Allerdings ist zu vermuten, daß das von Juvenal in seinen Satiren VI aufgezeigte Frauenbild so manche Neo- /Pseude- Emanze und Me-Too-Anhängerin auf die sprichwörtliche Palme bringen dürfte; dies ist dann allerdings eher einer verkürzenden und somit falschen Rezeption von Juvenals Gedanken geschuldet, liegt also in der Unfähigkeit der Empörten , dieWirklichkeit von Unterstellung und subjektiver Projektion zu trennen, begründet. Begibt man sich jedoch tiefer in die Materie falscher Darstellung und Sichtweisen, wird man unschwer auch hier dann Elementen der unseligen Politischen Korrektheit, die nicht nur hierzulande gegenwärtig ihr besonderes Unwesen treibt, begegnen. (Leider sind generalisierende Überschriften wie z.B. im Englischen "Satire 6 / VI The Ways Of Women 105 - 107" für eine sachlichere Sichtweise nicht gerade förderlich, und führen dann eben auch leicht zu oberflächlicher Betrachtung. Siehe hierzu auch weiter unten!)

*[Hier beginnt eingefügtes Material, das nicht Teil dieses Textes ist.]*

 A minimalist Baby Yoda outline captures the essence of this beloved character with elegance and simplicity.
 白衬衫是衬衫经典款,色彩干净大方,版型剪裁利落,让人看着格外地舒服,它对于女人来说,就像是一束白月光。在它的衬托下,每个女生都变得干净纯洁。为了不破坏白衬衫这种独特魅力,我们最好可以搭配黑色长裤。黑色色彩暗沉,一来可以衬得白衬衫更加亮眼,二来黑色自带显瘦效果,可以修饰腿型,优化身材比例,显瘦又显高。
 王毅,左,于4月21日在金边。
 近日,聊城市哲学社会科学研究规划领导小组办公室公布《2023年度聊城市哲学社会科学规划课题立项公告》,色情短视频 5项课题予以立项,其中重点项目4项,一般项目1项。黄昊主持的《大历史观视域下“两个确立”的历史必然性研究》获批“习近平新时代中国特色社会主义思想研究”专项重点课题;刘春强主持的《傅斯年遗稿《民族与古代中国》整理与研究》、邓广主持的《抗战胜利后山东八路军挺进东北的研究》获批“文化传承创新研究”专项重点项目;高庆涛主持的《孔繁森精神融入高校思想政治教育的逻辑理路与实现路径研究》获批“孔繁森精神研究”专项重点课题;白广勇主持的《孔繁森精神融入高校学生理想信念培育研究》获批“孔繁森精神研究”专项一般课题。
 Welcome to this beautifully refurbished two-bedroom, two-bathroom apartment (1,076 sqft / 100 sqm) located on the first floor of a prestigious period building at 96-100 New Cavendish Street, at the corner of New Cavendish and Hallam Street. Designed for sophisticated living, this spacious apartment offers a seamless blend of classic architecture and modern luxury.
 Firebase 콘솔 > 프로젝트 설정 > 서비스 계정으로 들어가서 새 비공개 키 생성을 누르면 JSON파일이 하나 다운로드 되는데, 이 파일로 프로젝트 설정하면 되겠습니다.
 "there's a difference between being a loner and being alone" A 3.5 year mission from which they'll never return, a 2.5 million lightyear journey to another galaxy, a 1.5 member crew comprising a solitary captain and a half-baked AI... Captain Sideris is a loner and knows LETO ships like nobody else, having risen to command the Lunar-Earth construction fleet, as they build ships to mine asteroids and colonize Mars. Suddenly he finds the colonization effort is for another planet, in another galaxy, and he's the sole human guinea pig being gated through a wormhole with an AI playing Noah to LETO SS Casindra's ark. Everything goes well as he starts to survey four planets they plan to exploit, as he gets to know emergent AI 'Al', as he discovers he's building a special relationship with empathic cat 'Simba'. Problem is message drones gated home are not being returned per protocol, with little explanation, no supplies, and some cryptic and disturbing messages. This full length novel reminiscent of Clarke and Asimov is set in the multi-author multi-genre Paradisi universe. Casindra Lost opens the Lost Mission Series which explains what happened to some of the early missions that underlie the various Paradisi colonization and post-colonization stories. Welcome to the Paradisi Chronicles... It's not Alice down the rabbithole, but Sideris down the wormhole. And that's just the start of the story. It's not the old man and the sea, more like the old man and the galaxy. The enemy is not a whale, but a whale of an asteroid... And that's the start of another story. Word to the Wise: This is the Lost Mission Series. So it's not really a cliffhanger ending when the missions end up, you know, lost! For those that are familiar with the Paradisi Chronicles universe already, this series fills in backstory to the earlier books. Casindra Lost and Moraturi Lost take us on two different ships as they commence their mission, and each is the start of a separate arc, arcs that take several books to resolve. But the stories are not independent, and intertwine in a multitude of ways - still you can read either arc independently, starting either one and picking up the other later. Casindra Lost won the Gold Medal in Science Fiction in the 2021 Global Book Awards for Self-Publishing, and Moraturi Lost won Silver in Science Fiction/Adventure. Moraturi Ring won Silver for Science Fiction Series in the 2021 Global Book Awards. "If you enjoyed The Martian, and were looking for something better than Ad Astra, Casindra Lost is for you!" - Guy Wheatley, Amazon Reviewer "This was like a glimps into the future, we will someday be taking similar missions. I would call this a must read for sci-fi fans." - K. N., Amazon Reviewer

Juvenal hat eher für das gleiche Recht für alle (Geschlechter) plädiert, aber dabei die daraus entstehenden möglichen "Gefahren" angesprochen. Sein angedachtes Rezept: eben derartige Bindungen zu vermeiden, um nicht in die entsprechende Bredouille zu geraten.

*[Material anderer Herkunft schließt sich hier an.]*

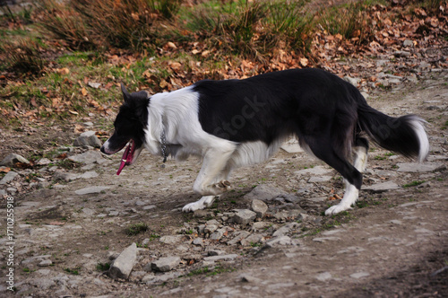 Żwawy border collie kroczy po kamienistej, gruntowej ścieżce z nastawionymi uszami i wystawionym językiem.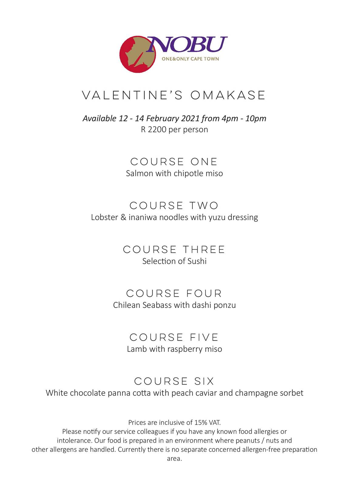 Celebrate Valentine’s Day at Nobu Restaurant from 4pm – 10pm with a six course Omakase (‘from the heart’) dinner lovingly created by the Chef for your romantic dining pleasure.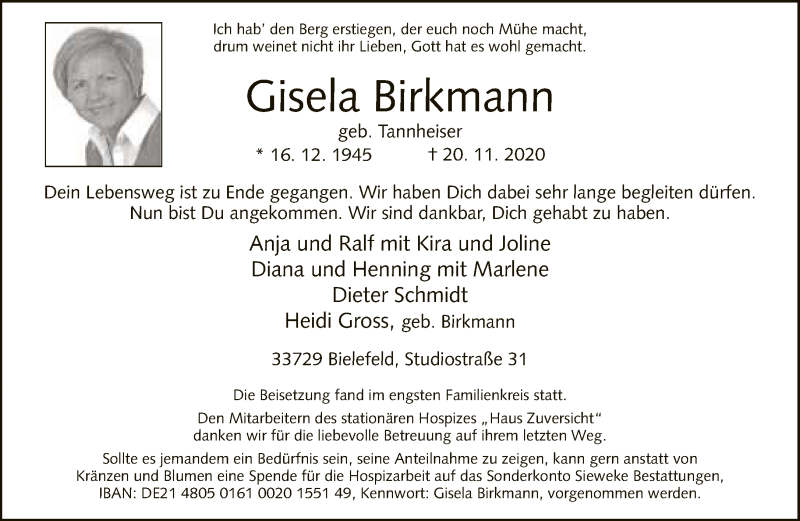 Hier finden Sie alle Traueranzeigen aus der Zeitung, die bisher für Gisela Birkmann erschienen sind. Weitere Traueranzeigen, die in der Zeitung erscheinen, werden hier ebenfalls aufgelistet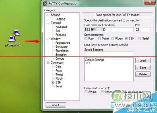 4、之后,进入到putty的设置页面。同时,也可以直接双击putty运行程序,进入到设置页面。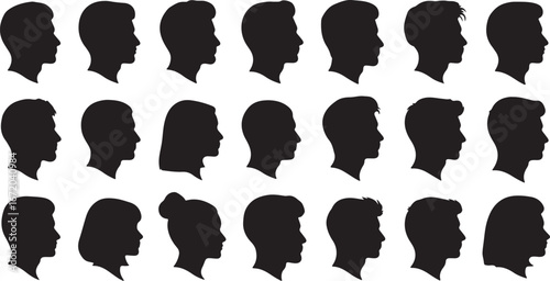 Diverse collection of black silhouettes showcasing various human head profiles and hairstyles

Man mag das für falsch halten, auch als nicht machbar ansehen, ihm vielleicht sogar partielle misanthropische Züge unterstellen, -- frauenfeindlich ist sein Hinweis, sein Versuch Postumus vor einem von ihm auf Grund zahlreicher negativer Beispiele so gesehenen "Übel" zu bewahren sicherlich nicht. Letztlich dürfte nicht mehr oder nicht weniger als ein eher schon sehr entschiedener Kontrapunkt gegen Eheschließungen oder ähnlich geartete Verbindungen verbleiben ...

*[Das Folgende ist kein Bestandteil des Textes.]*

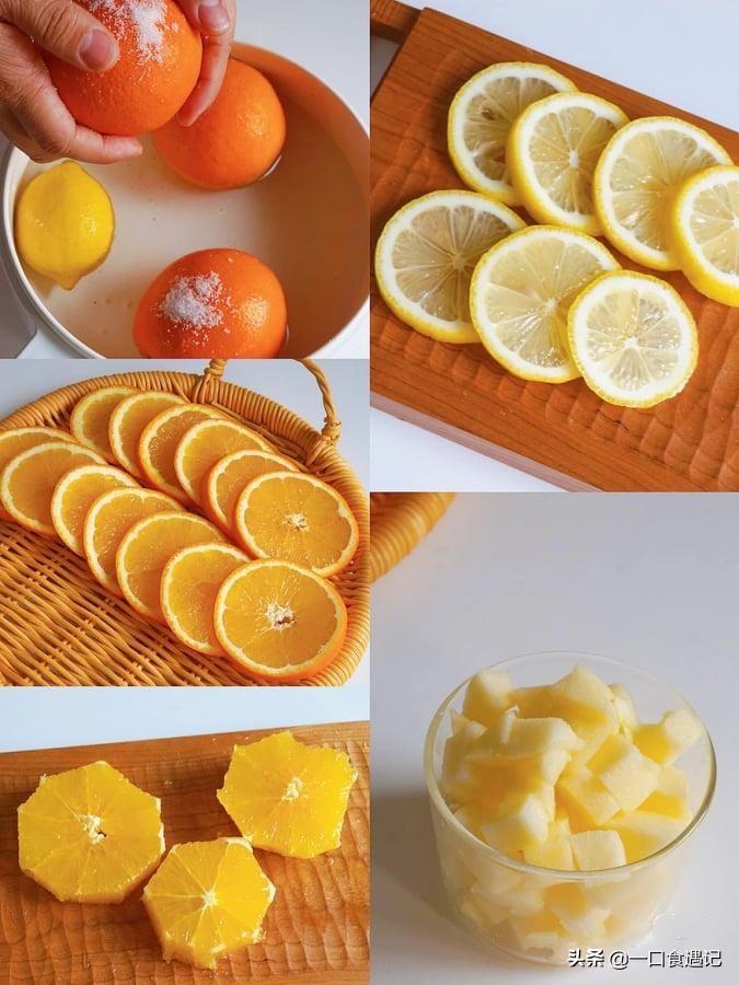 这几种水果都是热量低的水果,含有丰富的维他命C,可以美白减脂,味道酸酸甜甜的很解腻。所需材料包括苹果1个、橙子3个、柠檬1个、适量老冰糖以及茉莉绿茶1包。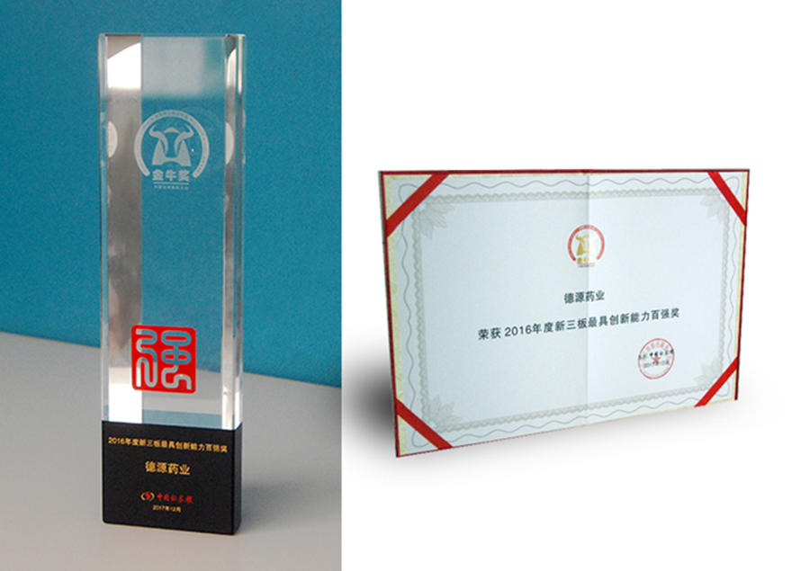 由中國證券報組織評選的“2016年度新三板金牛獎”新鮮出爐,200家新三板掛牌公司獲評2016年度新三板金牛獎。本次獎項共設置“新三板最具價值投資百強獎”和“新三板最具創(chuàng)新能力百強獎”,每個獎項各評出100家公司。德源藥業(yè)位列于新三板最具創(chuàng)新力100強企業(yè)榜單。

Und so hat Juvenal tatsächlich über dieses Thema gesprochen:
So liest es sich bei Juvenal: "Semper habet lites alternaque iurgia lectus in quo nupta iacet, minimum dormitur in illo. tum gravis, tum gravis illa viro, tunc orba tigride peior, cum simulat gemitus occulti conscia facti. aut odit pueros aut ficta paelice plorat, uberibus semper lacrimis semperque paratis in statione sua atque expectantibus illam, quo iubeat manare modo: tu credis amorem, tu tibi tunc, uruca, places fletumque labellis exorbes, quae scripta et quot lecture tabellas, si tibi zelotypae retegantur scrinia moechae! sed iacet in servi complexibus aut equitis: dic, dic, aliquem sodes hic, Quintiliane, colorem! "haeremus." dic ipsa! "olim convenerat" inquit "ut facere tu quod velles, nec non ego possem indulgere mihi. clames licet et mare caelo confundas, homo sum." nihil est audacius illis deprensis: iram atque animos a crimine sumunt. (vgl.: Juvenal, Satiren, Tusculum, Artemis&Winkler Verlag, München 1993, S.108 ff.)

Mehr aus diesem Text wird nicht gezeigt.